For Som, that shift in engrained decade-long information is one thing to faucet into and exploit. With Kipyegon needing to run a lot sooner than she ever has earlier than, Som believes she would profit from avoiding her typical coaching periods and switching to non-standardised distances.
“It’s extra of a psychological preparation,” he explains. “Generally you might be caught in patterns that you just do on a regular basis. Repetitions. You do coaching periods the place the consequence earlier than you’ve got even performed it.
“I believe it’s important to get out of sure patterns which lead you in direction of a sure efficiency. Do issues otherwise which are out of your scope. Do new issues the place your thoughts isn’t already capable of recognise it, to know what the result’s.
“Once I was competing, if I did a typical 800m session of 10 x 200m, with every rep in sub-26, it will really feel a sure means and I’d know that I might run a sub-1.45 [for 800m]. I believe it’s important to do away with a few of these standardised periods and transfer in direction of one thing totally different the place you principally prepare the identical however your thoughts doesn’t know what it means for competitors. That’s what I’d do.”

As for the way she will go about making ready herself for the problem of sustaining her quickest tempo far longer, Wightman suggests the secret’s increasing on race simulation periods that she’s going to likely have undertaken all through her profession.
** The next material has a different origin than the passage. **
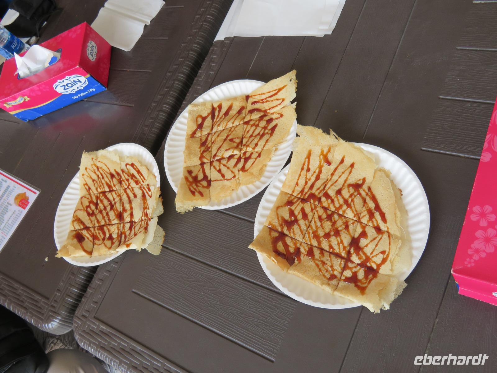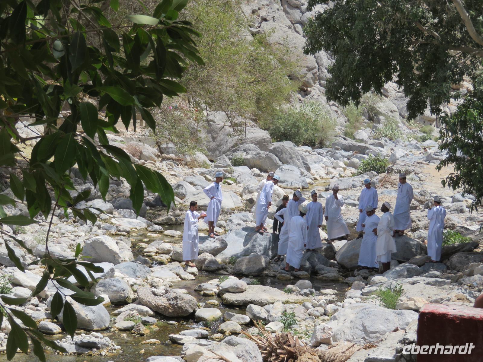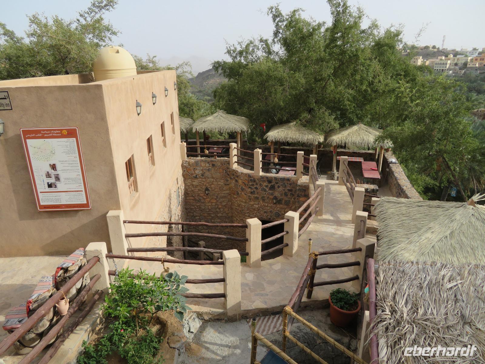 Es ist Mittagszeit und wir haben Hunger. Tafik steuert mit uns einen kleinen Coffeshop an. Da es zum draußensitzen bei 36 Grad viel zu heiss ist werden Tisch und Stühle einfach in den Shop gestellt. In gemütlicher Runde probieren wir typisch omanisches Brot. Aus Mehl, Wasser und Salz wir eine Art Crepes hergestellt. Wahlweise mit Käse, Ei oder Honig können diese gefüllt und verspeist werden. Leeeecker.... Nebenbei beobachten wir eine omanische Schulklasse nach Schulschluss. Eine kurze TOI Pause machen wir am Infopoint & Kontrollposten zur Weiterfahrt zum Jebel Akhadar - auch grüner Berg genannt. Die 2005 eröffnete steile auf ca. 2000m Höhe führende Serpentinenstraße, darf nur mit Allradfahrzeugen befahren werden. Völlig unerwartet erreicht man ein riesiges Plateau, das Saiq-Plateau mit dem gleichnamigen Ort. Von verschiedenen Aussichtspunkten eröffnen sich wunderbare Ausblicke über die einmalige Landschaft mit den Terrassengärten auf welchen Rosen und Granatäpfel angebaut werden.

“What she has to attempt to recreate – and I’m certain she does this regularly – is that skill to run the final lap on closely lactic-filled legs, the place the cadence goes, the place the respiratory is maxed out and the lactic ranges are excessive,” he says.
“You recreate that in coaching by doing race simulation. You would possibly do units of 400s in pairs at race tempo. Pause for 15, 30, 45 seconds, after which do one other one once you’re completely filled with lactic, attempting to carry your kind collectively, however attempting to match that pace. Then take an extended restoration and do one other pair like that.
“You’re simulating the kind of lactic gap that you just’ll be in on the bell, however getting used to with the ability to keep kind for that final 60 seconds. She might be the professional at that already. That is simply the marginally subsequent degree.”
No matter what performs out in Paris, and the way shut Kipyegon involves that beforehand unthinkable four-minute barrier, Meadows’ essential space of intrigue is what occurs after. Simply how briskly will Kipyegon go in her subsequent few races – her 1500m world file set in Paris final summer time have to be unsure – and what affect would possibly this problem have on future coaching strategies for all athletes?
“As a coach, you need your athletes to journey at sooner speeds than they’re used to,” explains Meadows. “That’s why folks use heavier coaching units like weighted belts or no matter else, in order that once you take it off you’re feeling actually quick.
“That is the alternative. That is permitting you to really feel sooner than you usually would, which ought to promote a neurological stimulus – you’d suppose the mind will get used to it. So, even when the shoe know-how isn’t allowed in competitions, will or not it’s allowed as a coaching machine to journey at that pace and assist your mind make the connection once you return to the permitted shoe know-how?”
In that case, would possibly one individual’s manufactured time problem change every little thing we find out about athletics teaching?